In my experience the buyer gains in this transaction by walking in the shoes of the seller, perhaps more than in any other area of the purchase.  Do you have some rooms painted 10 years ago?  Are your wood floors scratched in some places by your dogs?  Are your bathrooms outdated?  Well…..perhaps they are, and you’re still quite happy to live with those small issues in your daily life.  These, my friends, are not usually items that you’re going to ask the seller to repair.  You saw the home, and when you made your offer you factored in the fact that the floor might have to be replaced, or the sinks changed out.  You probably want to repaint, and you’re most certainly going to want to redecorate.  So just because the inspector noted that there were scratches or tears, or perhaps some molding pulled away, you’re not going to win any points by trying to point them out to the seller.

Instead, focus on real issues…issues that your home inspection uncovered that will make living in your new home either unsafe or unhealthy.  That’s where your power lies, and where you can maximize the request for repairs to your benefit.  Here are some examples:

  • You uncover a leak, or apparent damage from a leak, and the seller did not disclose that to you.  No one likes the word mold, and although in my experience mold is found in very few inspections, unrepaired water damage can be a danger should mold develop, and this is an area where the seller will almost always cooperate.
  • You find that electrical wiring has been run in a manner that’s not to code.  Again, this is a safety issue, and the seller should cooperate to repair.
  • You see that the decking is damaged from either water or perhaps termites.  I’ll give you a primer on termites in another article, but usually damage that may result in falls or other safety issues will need to be repaired by the seller.  (Banks often want you to buy “as-is”, so if they refuse to make these repairs make sure you consult with your Realtor and other repair specialists to discover the true cost of making those repairs.
  • The home has no Ground Fault Circuit Interrupters (GFCI) plugs.  These protect you and your family from shock and other electrical damage including the potential for fire, and should always be addressed and repaired or paid for by the seller.

So what about all the other repairs you see that need done?  My suggestion is that you be “reasonable.”  If you really want something done, ask.  But if you understand that the issue is normal “wear and tear” then temper your request so that you get the seller on your side.  If there are a lot of issues that you uncovered during your inspection, perhaps asking the seller to compromise by paying you at close of escrow, and you’ll do the repairs yourself.

What Requests for Repairs Are Reasonable?  {For the Seller}

“It’s the economy, stupid.”  Yep, like all things that are obvious, agreeing to pay for repairs for the buyer is mostly about two things; money and pride.

Your Realtor should have discussed the Request for Repairs with your at the time you listed your home.  No matter how nice your home is the chances are that some maintenance is overdo.  Think of this as simply one of the factors in pricing your home for sale.  If you do a good inventory of the state of your home before you begin marketing it, then when the buyer requests repairs you’ll be prepared for most of his or her objections.

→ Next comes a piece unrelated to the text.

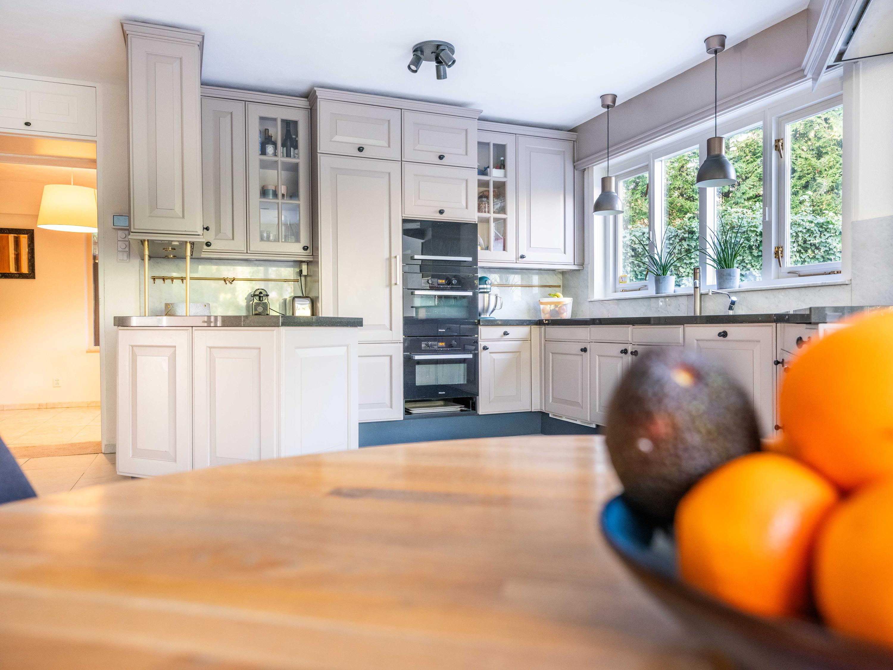 Vanuit de hal betreden we de ruime woonkeuken, deze is voorzien van allerhande inbouwapparatuur, zoals een vijfpits inductiekookplaat, quooker, steamer, twee combi ovens enz. De kookliefhebber kan hier heerlijk zijn gang gaan.
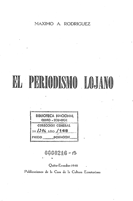 En 1922, con ocasión de la celebración del Primer Centenario de la Batalla de Pichincha, que consolidó la independencia patria, y como un tributo a la memoria de nuestros libertadores, publiqué un ensayo sobre la Literatura Lojana, en el que me refería al periodismo en forma sintética, y al que el Sr. Dr. Máximo Rodríguez ha dedicado este libro.

Next, and just as important as factoring in the cost, is your pride.  This isn’t just a house you’re selling, is it?  No, it’s your home, the place you lived in, painted, decorated, maintained, improved and loved.  An inspection and request for repairs can seem like a slap in the face if you’re emotional about the above.  Don’t be.  Again, try to remember how you felt when you purchased your home.  Walk in the buyer’s shoes.  Be reasonable.